● **Task to complete**
The answer is to be an exact copy of the lines below running from the line with "Pink Ahtapot Beyaz Pamuklu Bebek Zıbın" down to the line with "Im Wohnbereich finden", both ends included, and nothing more.

● **Provided records**
--------

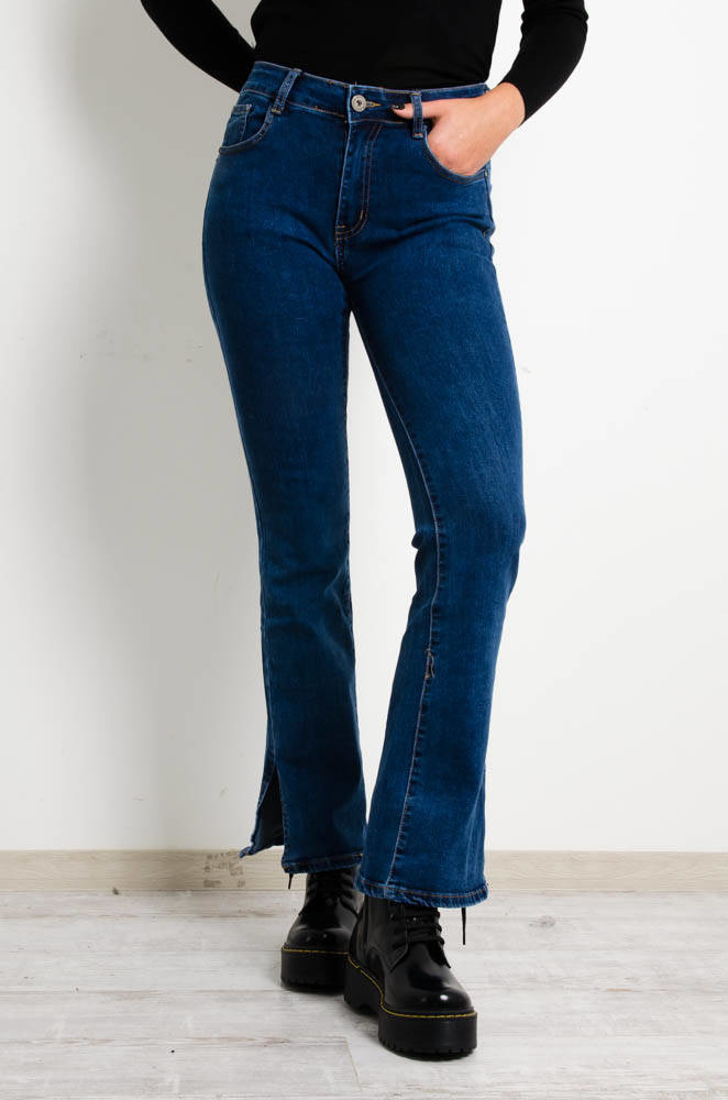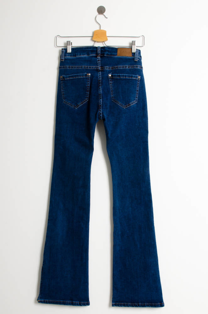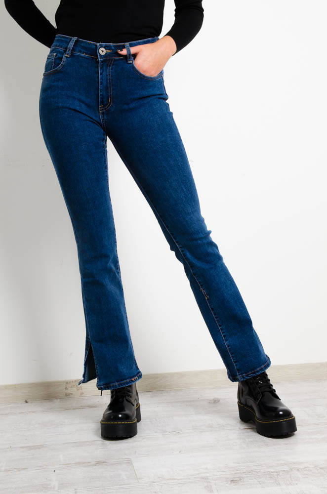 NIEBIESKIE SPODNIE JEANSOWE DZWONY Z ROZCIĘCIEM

--------

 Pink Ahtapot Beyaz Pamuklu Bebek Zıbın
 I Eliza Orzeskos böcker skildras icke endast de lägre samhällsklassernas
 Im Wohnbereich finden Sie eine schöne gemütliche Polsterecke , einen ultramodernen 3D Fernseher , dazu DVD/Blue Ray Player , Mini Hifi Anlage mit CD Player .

--------

● **Result for this exercise**
 Pink Ahtapot Beyaz Pamuklu Bebek Zıbın
 I Eliza Orzeskos böcker skildras icke endast de lägre samhällsklassernas
 Im Wohnbereich finden Sie eine schöne gemütliche Polsterecke , einen ultramodernen 3D Fernseher , dazu DVD/Blue Ray Player , Mini Hifi Anlage mit CD Player .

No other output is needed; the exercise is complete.